What needs to be done
In the records below, find the line holding "Il avait annoncé" and the line holding "With these colorful". Set down both, with every line between them, exactly.

Start of Exercise inputs

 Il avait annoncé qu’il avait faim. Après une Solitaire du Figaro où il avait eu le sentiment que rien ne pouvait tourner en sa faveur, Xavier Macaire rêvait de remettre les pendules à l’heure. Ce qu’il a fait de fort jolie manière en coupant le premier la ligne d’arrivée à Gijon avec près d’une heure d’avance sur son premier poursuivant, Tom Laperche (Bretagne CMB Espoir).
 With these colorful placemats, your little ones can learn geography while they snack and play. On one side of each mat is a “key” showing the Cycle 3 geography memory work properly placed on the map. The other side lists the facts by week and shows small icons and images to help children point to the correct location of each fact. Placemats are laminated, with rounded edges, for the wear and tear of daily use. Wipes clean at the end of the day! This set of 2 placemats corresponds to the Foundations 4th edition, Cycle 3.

End of Exercise inputs
Start of Exercise inputs

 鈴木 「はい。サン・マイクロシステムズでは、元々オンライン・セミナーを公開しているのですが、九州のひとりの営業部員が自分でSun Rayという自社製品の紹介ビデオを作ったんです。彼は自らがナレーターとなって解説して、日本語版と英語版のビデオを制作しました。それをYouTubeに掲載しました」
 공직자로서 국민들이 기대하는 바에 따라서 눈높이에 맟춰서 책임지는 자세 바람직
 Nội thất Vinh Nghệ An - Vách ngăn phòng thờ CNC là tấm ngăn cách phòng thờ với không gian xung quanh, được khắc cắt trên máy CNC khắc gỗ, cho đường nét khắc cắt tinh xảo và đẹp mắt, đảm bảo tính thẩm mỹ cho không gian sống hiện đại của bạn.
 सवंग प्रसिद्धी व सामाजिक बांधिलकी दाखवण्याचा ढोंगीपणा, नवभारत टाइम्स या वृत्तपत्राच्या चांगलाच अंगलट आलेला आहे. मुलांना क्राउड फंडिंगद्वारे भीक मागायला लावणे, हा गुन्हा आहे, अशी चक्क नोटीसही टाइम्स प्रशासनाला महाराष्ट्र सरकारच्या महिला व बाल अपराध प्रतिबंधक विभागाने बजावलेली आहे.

End of Exercise inputs

Exercise result
 Il avait annoncé qu’il avait faim. Après une Solitaire du Figaro où il avait eu le sentiment que rien ne pouvait tourner en sa faveur, Xavier Macaire rêvait de remettre les pendules à l’heure. Ce qu’il a fait de fort jolie manière en coupant le premier la ligne d’arrivée à Gijon avec près d’une heure d’avance sur son premier poursuivant, Tom Laperche (Bretagne CMB Espoir).
 With these colorful placemats, your little ones can learn geography while they snack and play. On one side of each mat is a “key” showing the Cycle 3 geography memory work properly placed on the map. The other side lists the facts by week and shows small icons and images to help children point to the correct location of each fact. Placemats are laminated, with rounded edges, for the wear and tear of daily use. Wipes clean at the end of the day! This set of 2 placemats corresponds to the Foundations 4th edition, Cycle 3.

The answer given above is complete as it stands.